- **Task requirements**: Copy the material below verbatim from the line with "BOOHOO Vintage Look" to the line with "上交所債券項(xiàng)目", both lines included, omitting pictures and every line outside that range.

- **The data**:
■ ■ ■

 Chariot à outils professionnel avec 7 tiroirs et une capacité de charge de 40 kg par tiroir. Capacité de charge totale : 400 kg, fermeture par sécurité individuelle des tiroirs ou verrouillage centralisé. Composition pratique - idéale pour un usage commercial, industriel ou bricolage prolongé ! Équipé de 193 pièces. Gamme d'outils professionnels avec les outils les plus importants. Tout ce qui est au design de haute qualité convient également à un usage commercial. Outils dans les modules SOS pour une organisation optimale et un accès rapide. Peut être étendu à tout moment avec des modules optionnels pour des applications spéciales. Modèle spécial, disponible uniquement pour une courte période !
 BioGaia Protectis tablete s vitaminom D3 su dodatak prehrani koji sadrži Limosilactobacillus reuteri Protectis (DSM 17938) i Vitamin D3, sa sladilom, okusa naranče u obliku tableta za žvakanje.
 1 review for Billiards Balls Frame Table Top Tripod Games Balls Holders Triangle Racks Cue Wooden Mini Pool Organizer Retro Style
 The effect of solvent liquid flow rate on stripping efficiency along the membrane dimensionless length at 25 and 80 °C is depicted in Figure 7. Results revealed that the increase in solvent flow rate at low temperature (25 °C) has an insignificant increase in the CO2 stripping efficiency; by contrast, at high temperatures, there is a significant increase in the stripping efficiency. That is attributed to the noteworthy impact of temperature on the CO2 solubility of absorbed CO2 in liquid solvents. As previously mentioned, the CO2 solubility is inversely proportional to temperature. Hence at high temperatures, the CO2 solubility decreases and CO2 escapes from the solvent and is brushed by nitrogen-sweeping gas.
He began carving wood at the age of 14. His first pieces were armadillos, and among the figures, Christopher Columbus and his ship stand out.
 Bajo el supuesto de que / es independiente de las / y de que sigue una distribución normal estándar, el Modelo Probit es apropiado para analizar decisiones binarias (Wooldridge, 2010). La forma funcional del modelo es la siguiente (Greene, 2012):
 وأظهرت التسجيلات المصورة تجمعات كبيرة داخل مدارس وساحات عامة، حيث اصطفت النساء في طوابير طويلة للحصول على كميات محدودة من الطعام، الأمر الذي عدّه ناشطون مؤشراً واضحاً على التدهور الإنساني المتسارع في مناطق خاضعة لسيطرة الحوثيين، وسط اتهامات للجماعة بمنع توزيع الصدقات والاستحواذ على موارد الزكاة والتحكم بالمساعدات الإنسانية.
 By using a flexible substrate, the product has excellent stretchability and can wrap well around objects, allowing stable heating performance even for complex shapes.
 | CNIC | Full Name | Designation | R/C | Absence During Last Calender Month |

■ ■ ■

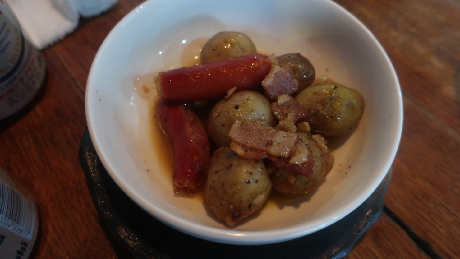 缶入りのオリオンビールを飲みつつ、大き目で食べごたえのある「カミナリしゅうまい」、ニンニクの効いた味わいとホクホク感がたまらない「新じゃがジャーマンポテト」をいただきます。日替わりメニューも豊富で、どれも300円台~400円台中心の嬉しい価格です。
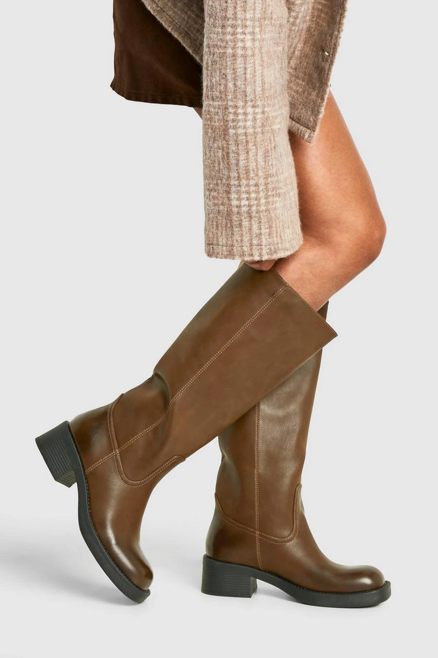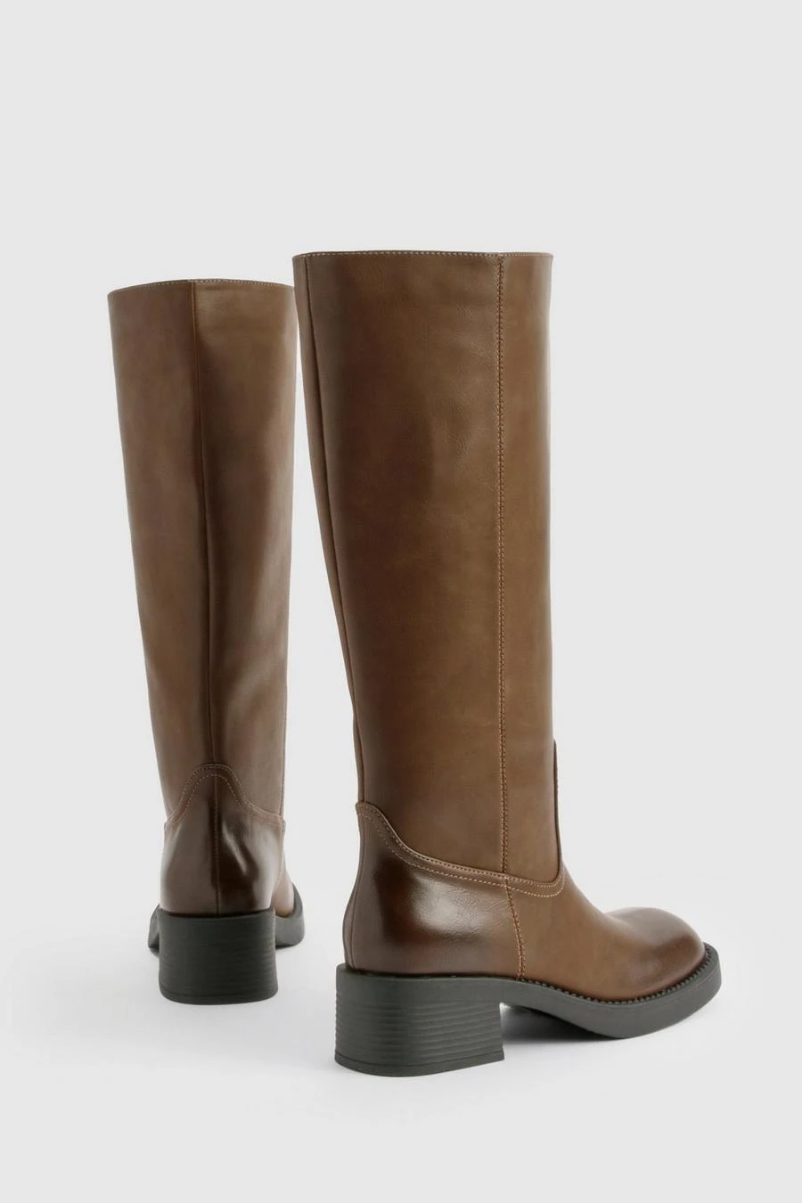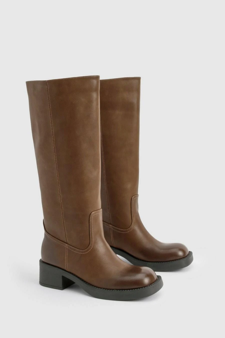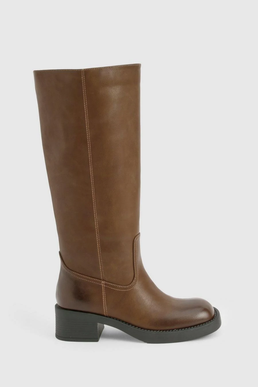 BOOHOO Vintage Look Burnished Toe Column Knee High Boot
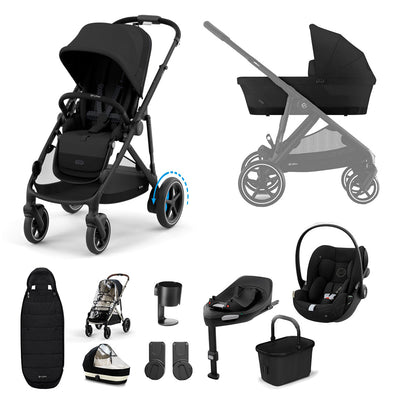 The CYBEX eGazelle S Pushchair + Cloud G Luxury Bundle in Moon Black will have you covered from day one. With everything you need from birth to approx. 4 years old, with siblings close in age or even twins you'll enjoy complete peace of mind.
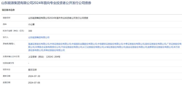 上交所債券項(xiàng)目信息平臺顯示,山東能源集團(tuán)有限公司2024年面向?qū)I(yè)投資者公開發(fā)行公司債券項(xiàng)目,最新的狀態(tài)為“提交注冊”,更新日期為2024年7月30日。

■ ■ ■

- **Finished exercise**:
 BOOHOO Vintage Look Burnished Toe Column Knee High Boot
 The CYBEX eGazelle S Pushchair + Cloud G Luxury Bundle in Moon Black will have you covered from day one. With everything you need from birth to approx. 4 years old, with siblings close in age or even twins you'll enjoy complete peace of mind.
 上交所債券項(xiàng)目信息平臺顯示,山東能源集團(tuán)有限公司2024年面向?qū)I(yè)投資者公開發(fā)行公司債券項(xiàng)目,最新的狀態(tài)為“提交注冊”,更新日期為2024年7月30日。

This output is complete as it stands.